A Chilkat robe that could be hundreds of years old was purchased at auction late last year by a group of donors and given to Sealaska Heritage Institute for Chilkat weavers to study.
Tsimshian basket weaver Mangyepsa Gyipaayg Kandi McGilton said she first found the robe when looking for traditional woven baskets online.
“I just stumbled across the robe in an auction,” McGilton said
McGilton sent a photo of the robe to Haida weaver and historian Kajuulth Evelyn Vanderhoop.
Vanderhoop says the robe at the Seattle auction house has the same pattern as a robe that’s at the Museum of Natural History in New York. Nineteenth century ethnographer George Emmons noted that the latter may have been the first Chilkat robe given to Lingít people by Tsimshian weavers.
The mirrored design features formline faces, in faded blue and yellow, outlined in bold black. The face at the top is upside-down with killer whales facing out.
“It’s an exciting chronological story,” she said. “That whole robe has a wonderful story.”
Tsimshian people wove in the Chilkat style originally. Lingít weavers learned the art form through gifted blankets. They’re called naaxein in Lingít.
And McGilton, who lives in Metlakatla, felt a personal connection to the pattern’s history too.
“That trade between the Lingit and Tsimshian with these Chilkat robes — it’s a really fascinating and pretty miraculous thing that has happened throughout our histories,” she said.
She’s had a chance to study old baskets to learn about patterns and techniques, and knew that this robe could offer that opportunity to Chilkat weavers, too.

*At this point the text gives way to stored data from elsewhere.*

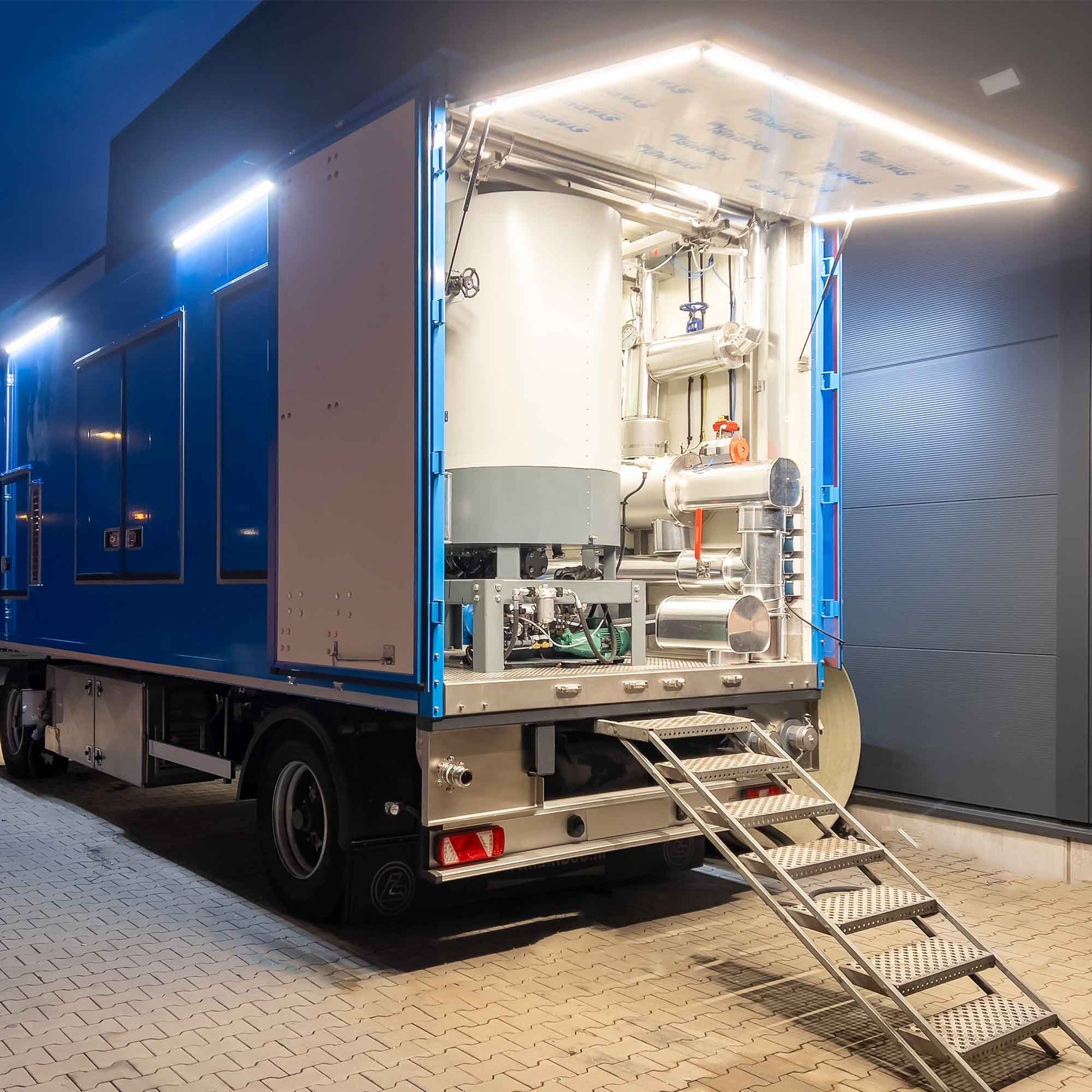 • Betrieb auf höchstem Niveau – Trailerbasiertes, einsatzbereites Design mit kurzen Rüstzeiten, großem 3.400 L (790 gal) Wassertank mit Enthärtungsanlage, 1.000 L (270 gal) Öltank, Vollisolierung, Edelstahlboden und integrierter LED-Beleuchtung.
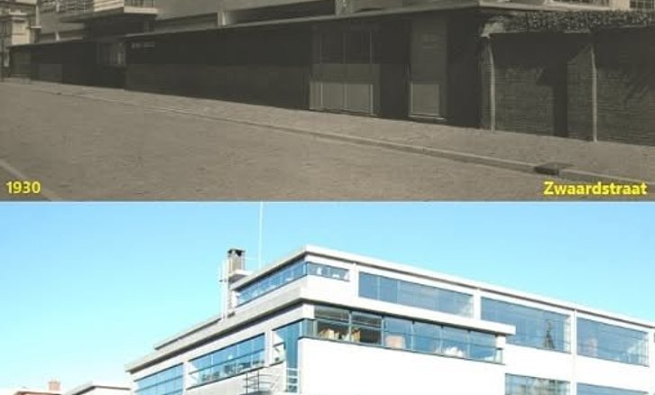 Een prachtige afbeelding gemaakt door Henk van Embden / Klik op de foto om deze helemaal te zien - Zwaardstraat in 1930 en 2024
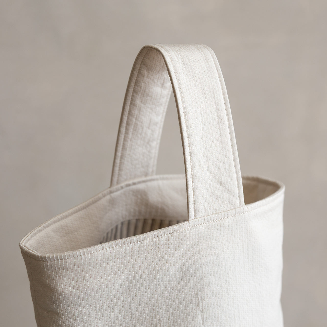 生地の表側は、密度の詰まったブロード生地を何枚か重ね合わせ、刺し子のようにステッチを施したようなそんな雰囲気。
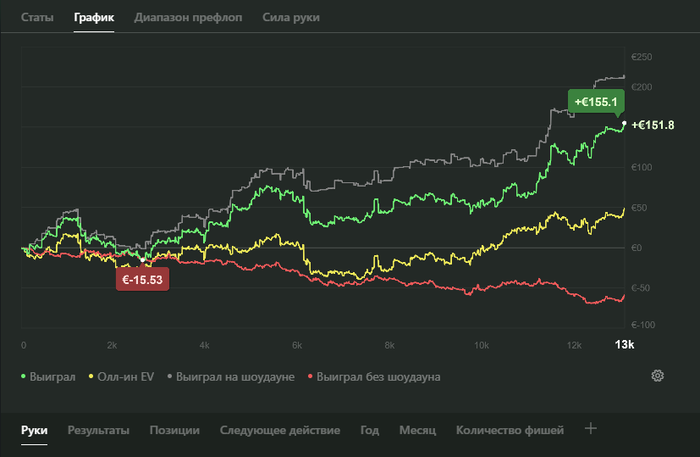 По количеству рук прям стараюсь выделить время. И да, я все ещё нитяра, сколько бы обучающего видео я не смотрел, шире открываться и 3бетить при игре на 6 столах не получается
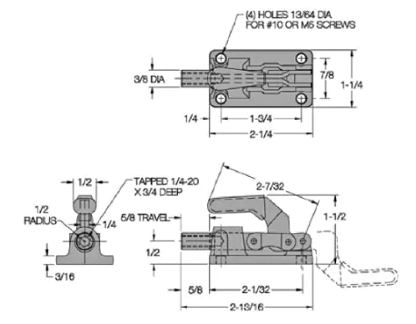 Tiny yet extremely powerful plunger clamp with a forged steel base. Requires very little mounting space due to its narrow base and compact low profile. Locks in extended or retracted position. 5/8" plunger travel. Plunger is tapped to accept any 1/4-20 spindle (M6 in metric). Available in in steel or stainless steel. Optionally available with our safety-lock feature. 300 lbs holding capacity.
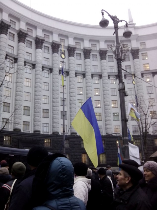 К зданию Верховной Рады Украины со стороны Кабинета министров направляется колонна митингующих.
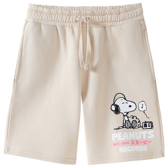 Joggingshorts in Beige mit geripptem Elastikbund und Tunnelzug. Einschubtaschen auf beiden Seiten sowie "Snoopy"-Print linksseitig. Innenseite kuschelig weich und locker geschnitten.
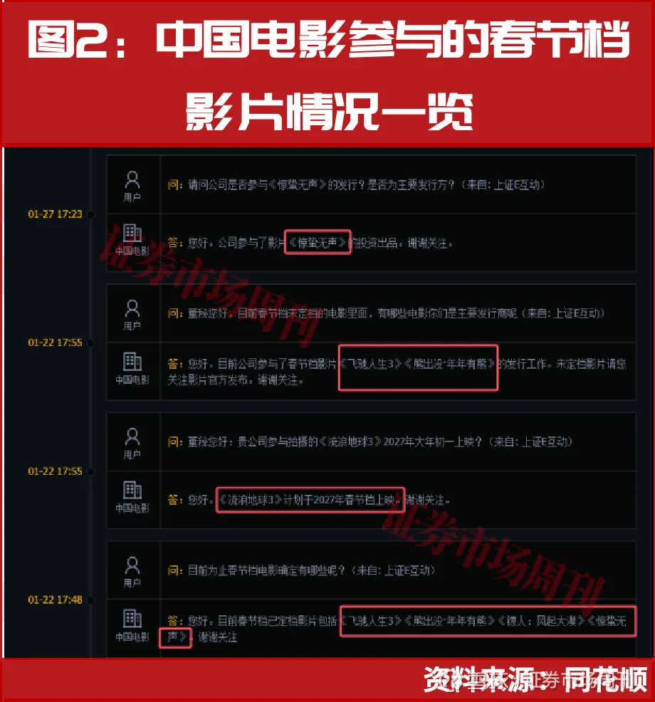 例如,据中国电影在e互动平台上回答提问时透露,公司参与《飞驰人生3》《惊蛰无声》《镖人:风起大漠》《熊出没·年年有熊》四部电影的发行。公司方还提到,其参与拍摄的《流浪地球3》将于2027年上映。
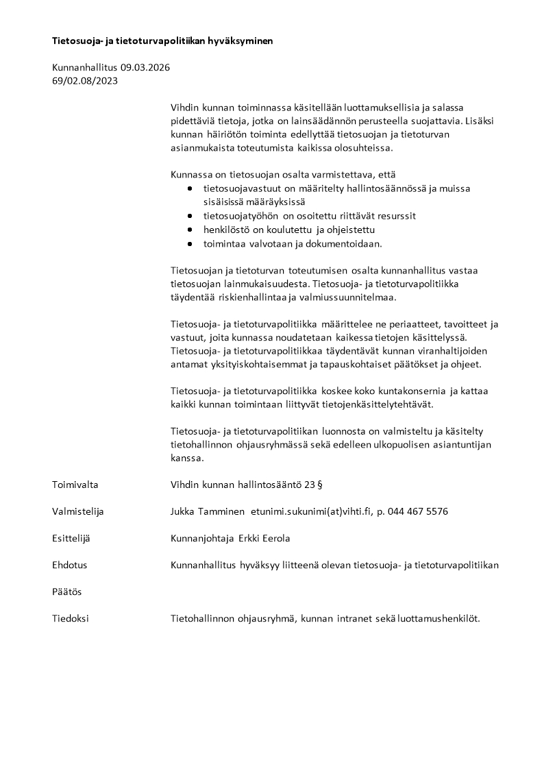 Dynasty tietopalvelu Haku RSS Vihdin kunta
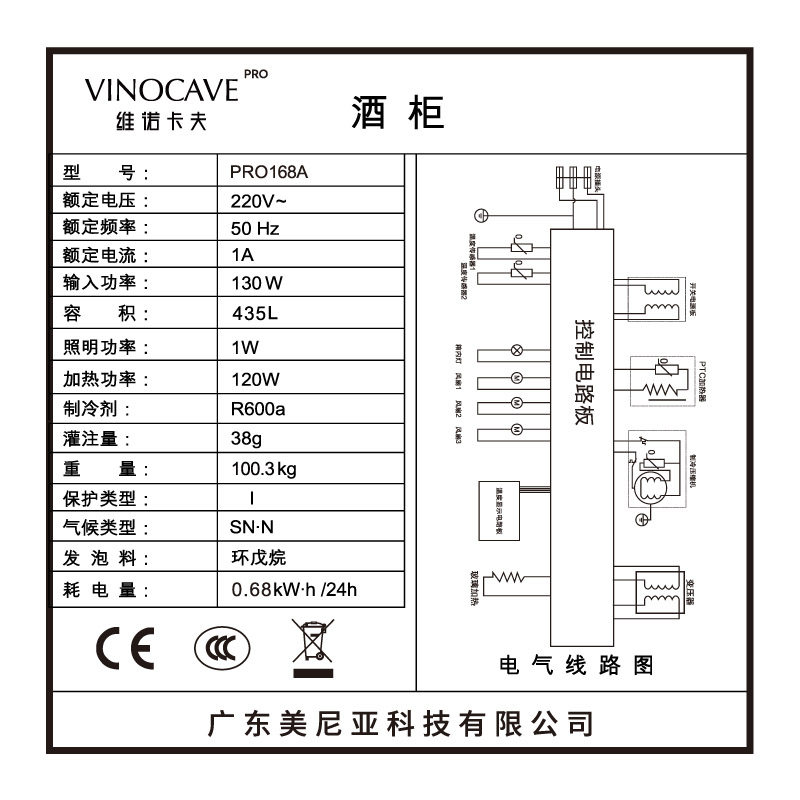 Vinocave Vinocave PRO168A compressor constant temperature wine cabinet Household high-end living room refrigerator
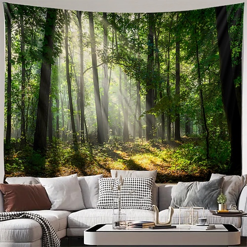 natura foresta luce solare raggi di sole alberi verdi bosco nebbioso arazzo da parete per soggiorno camera da letto dormitorio decorazione paesaggio realistico murale da appendere alla parete
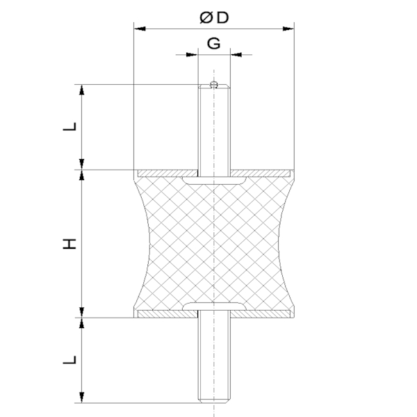 Gummi-Metall-Taillienpuffer Ø=60mm Höhe=420mm CR60°Shore mit Bds. AG. M12x28mm
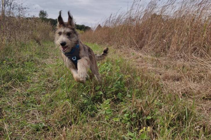 Un Berger Picard courant sur un terrain herbeux et portant un harnais
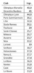 iferencias también son mucho más reducidas que en España, aunque algo mayores que en Inglaterra. Así, el que más cobró en la temporada pasada fue el Olympique de Marsella con 50 millones, cinco millones más que el segundo y el tercero, Girondins y Olympique de Lyon, y 36 millones más que el Le Havre, el más pobre con 14 millones.
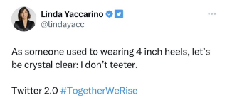 5月底,亚卡里诺就发布过一条推文:“作为一个习惯穿4英寸高跟鞋的人,让我们明确一点:我不会摇摇晃晃。”(温馨提示,4英寸约等于10厘米。)上任之后,亚卡里诺又发推特“让我们坚持自己(不管是4英寸还是平底),共建推特2.0”。此处“坚持自己”英文dig our heels in直译是“把鞋跟踩进去”,亚卡里诺玩了个双关。

“There are secrets in the weavings that are just begging someone to look for them,” McGilton said.
And she said she’s glad that the robe is back in Southeast Alaska, so young people in Metlakatla can visit it.
“I feel like it’s important for kids in my community particularly to know that we have a connection to Chilkat weaving, because we don’t have weavers like that in our community, so I want that to be an inspirational story to them,” she said.
McGilton reached out to Kathryn Bunn-Marcuse at the Burke Museum in Seattle to see if the museum could buy the robe and store it.
Bunn-Marcuse, who’s one of the museum’s curators, said she believes living Indigenous artists should have access to old pieces to learn from.
“The collections are the teachers, right?” she said. “The old belongings, these creations have so much knowledge woven into them.”
And a robe like this one could answer many questions.
“The mountain goat wool, the cedar bark, the dyes — when do you collect them? What time of year? How do you process them? What are the right plant materials? What are the mordants in a dye? There’s an unbelievable richness to the Indigenous scientific knowledge that is throughout these old pieces,” she said.
Bunn-Marcuse said the quick time frame wouldn’t have allowed the museum time to review the potential acquisition, so she organized a group of donors to purchase it.
One of the donors, Bob Moore from Seattle, said it’s worth more than the $39,000 the group paid to make sure it doesn’t end up in private hands.
“I know that a full size robe by a contemporary Chilkat Weaver would be $75 [thousand] or $100,000 or more because it takes at least a year, sometimes two years to weave. So we know how much work goes into it,” he said. “So the price for this robe didn’t seem excessive to us at all.”
The Burke Museum connected the donors to Sealaska Heritage Institute and the robe was sent up to Juneau. Local weaver Lily Hope said the robe returning to its homelands helps with revitalizing the art form as a whole.
“I’m most excited to take my students over to Sealaska Heritage Institute. And look at the backside of this robe,” she said. “That’s where we learn the most from our ancestral pieces.”
And that wasn’t possible before now. This robe had been in private collections for at least 60 years, according to SHI.
“It matters that this robe is coming back with accessibility, because many robes throughout history are held in families and aren’t visible to artists and makers,” Hope said.
Hope says it may not be usable in ceremony though. Museums used to use arsenic or mercury as pesticides to preserve old items, making them hazardous now.
The robe is in Sealaska Heritage Institute’s archives and collections department, and next month, weavers will start learning from it.
Editor’s note: This story has been updated to clarify how the Burke Museum organized the donation to Sealaska Heritage Institute.